Resilience science began around 1970 as a search to explain how some children who face severe adversity seem to thrive while others do not.

“As I studied children and families dealing with war, disasters, poverty, violence and homelessness, I found a consistent set of surprisingly ordinary but powerful factors at work,” she said. “Resilience didn’t depend on special qualities but on a capacity to adapt that we develop over time as we are nurtured, learn and gain experience.”

Supportive relationships, a sense of belonging, self-control, problem-solving skills, optimism, motivation and a sense of purpose all play a part in creating the “ordinary magic” that makes us resilient, she found.

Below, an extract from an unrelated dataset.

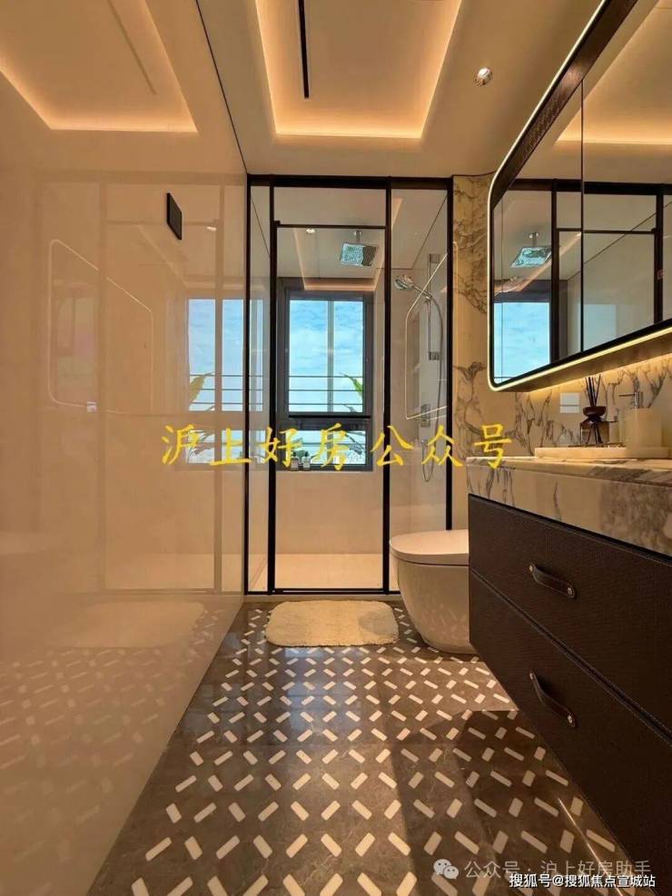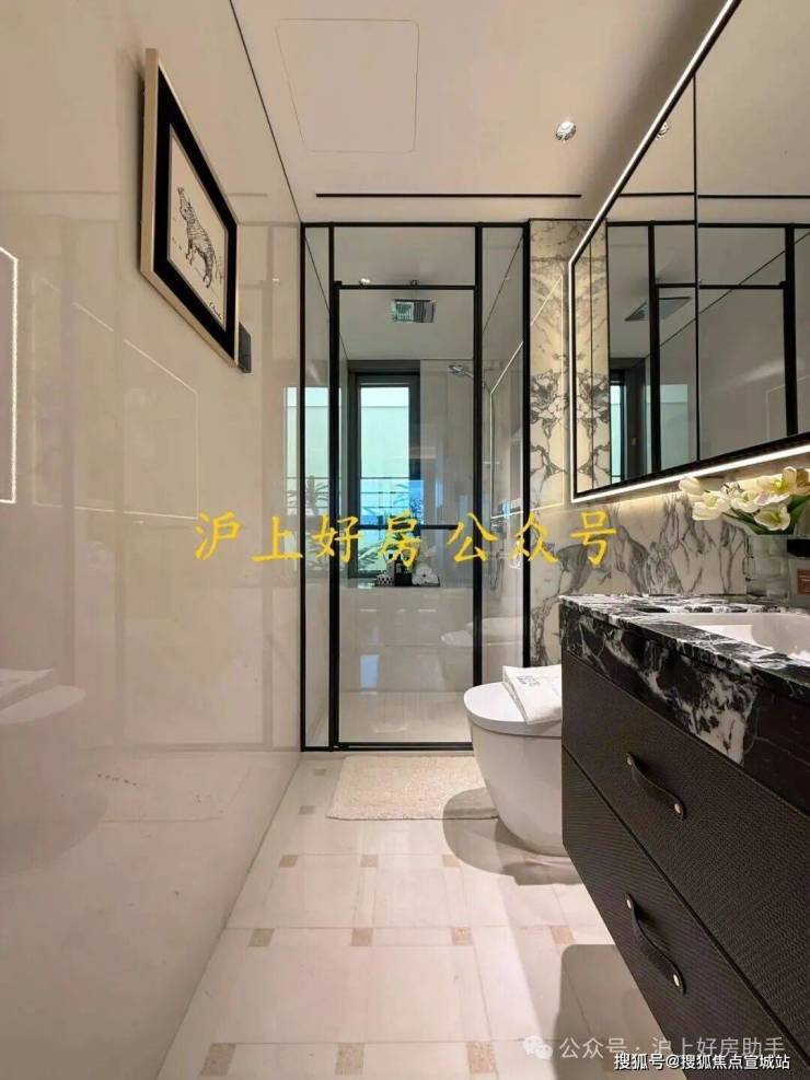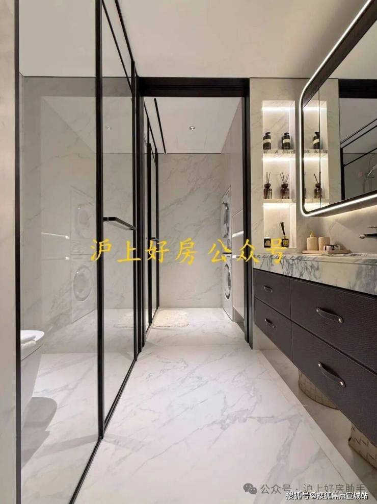 公卫打造独特的四分离系统,实现独立洗漱台、卫生间、淋浴间、洗衣区互不打扰,将酒店化体验引入住宅。

“Her work is inspiring because it reveals that the human capacity to overcome adversity does not rely on rare ingredients,” said Nicholaus Noles, psychology award director. “The seeds of resilience, of success, are within all of us, and we need only time and the right kind of relationships and experiences to overcome the obstacles we face.”

Masten’s findings have shaped policy and practice in many fields outside psychology such as pediatrics, school counseling, social work and disaster response. People in more than 180 countries including Ukraine have taken part in her online course about the resilience of children in war and disaster.

A licensed psychologist in Minnesota since 1986, holds a doctorate in clinical psychology from the University of Minnesota and a bachelor’s degree from Smith College. She was elected to the American Academy of Arts and Sciences in 2021 and has received mentoring and lifetime contribution awards from the American Psychological Association.

Recipients of next year’s are being named this week pending formal trustee approval. The annual, $100,000 prizes also honor seminal ideas in music, world order, education and religion. Winners will visit Louisville in the spring to accept their awards and give free talks on their winning ideas.